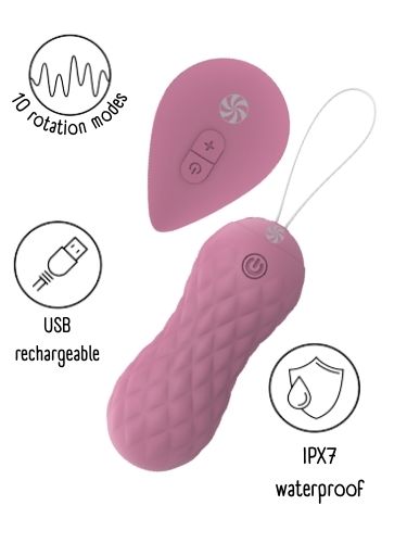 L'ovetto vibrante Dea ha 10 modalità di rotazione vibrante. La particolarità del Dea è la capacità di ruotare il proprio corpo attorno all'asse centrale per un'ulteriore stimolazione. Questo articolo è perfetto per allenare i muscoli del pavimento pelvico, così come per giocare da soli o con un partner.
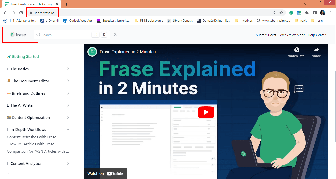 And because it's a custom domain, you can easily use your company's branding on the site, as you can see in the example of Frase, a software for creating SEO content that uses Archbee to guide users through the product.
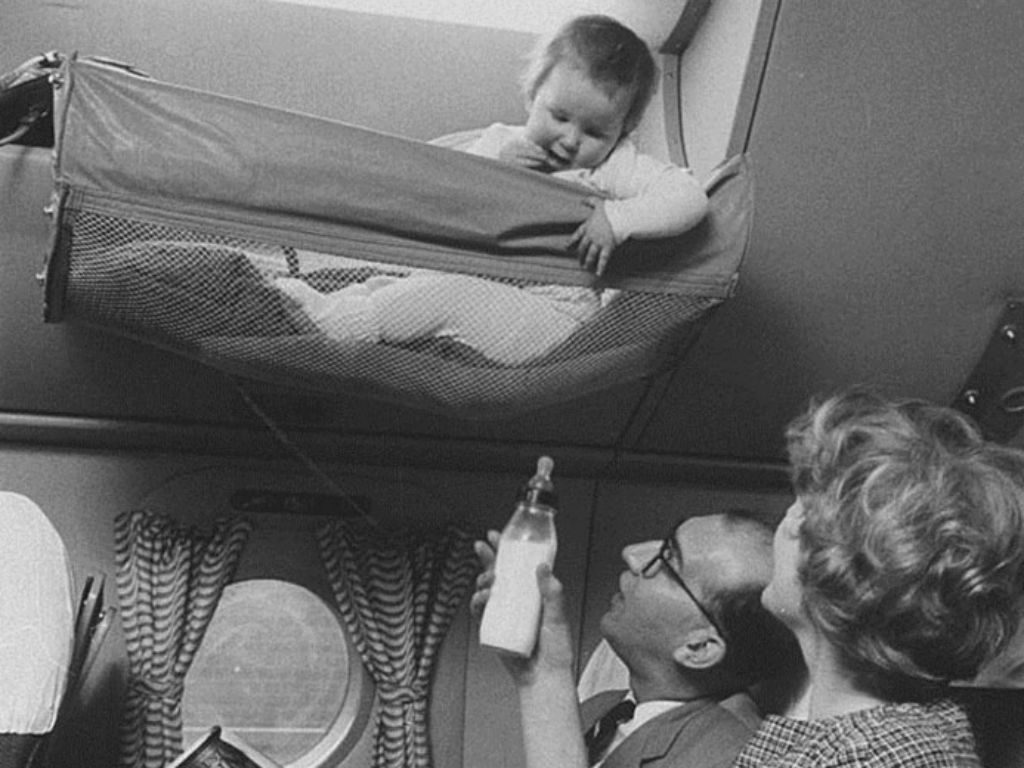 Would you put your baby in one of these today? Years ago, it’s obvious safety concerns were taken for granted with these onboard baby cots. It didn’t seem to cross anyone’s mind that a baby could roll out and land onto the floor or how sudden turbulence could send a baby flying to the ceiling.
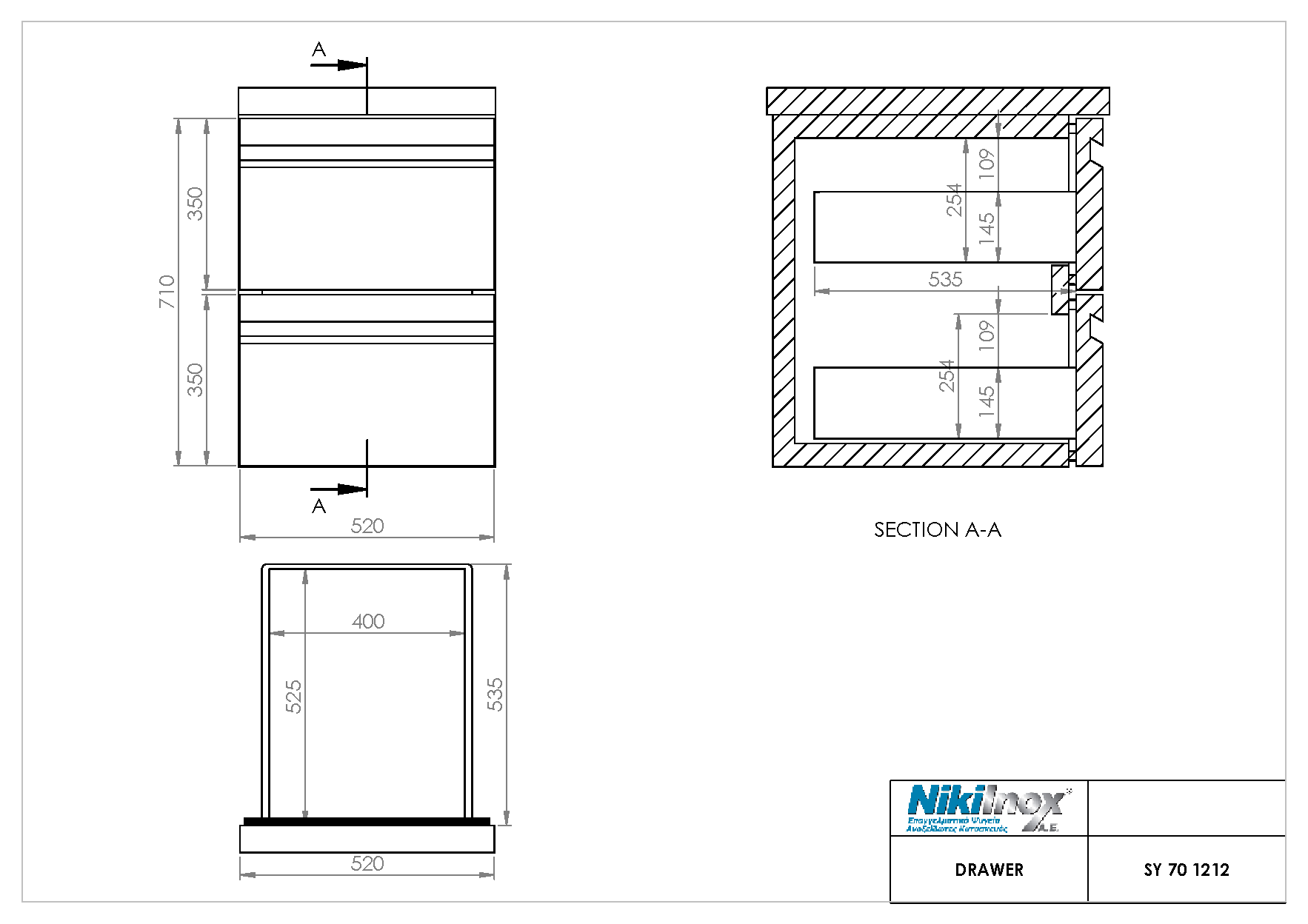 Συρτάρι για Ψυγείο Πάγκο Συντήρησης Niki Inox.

Work required: Copy exactly, and only, the lines running from the one containing "Would you put" through the final line of the data, and omit the pictures.

Exercise output:
 Would you put your baby in one of these today? Years ago, it’s obvious safety concerns were taken for granted with these onboard baby cots. It didn’t seem to cross anyone’s mind that a baby could roll out and land onto the floor or how sudden turbulence could send a baby flying to the ceiling.
 Συρτάρι για Ψυγείο Πάγκο Συντήρησης Niki Inox.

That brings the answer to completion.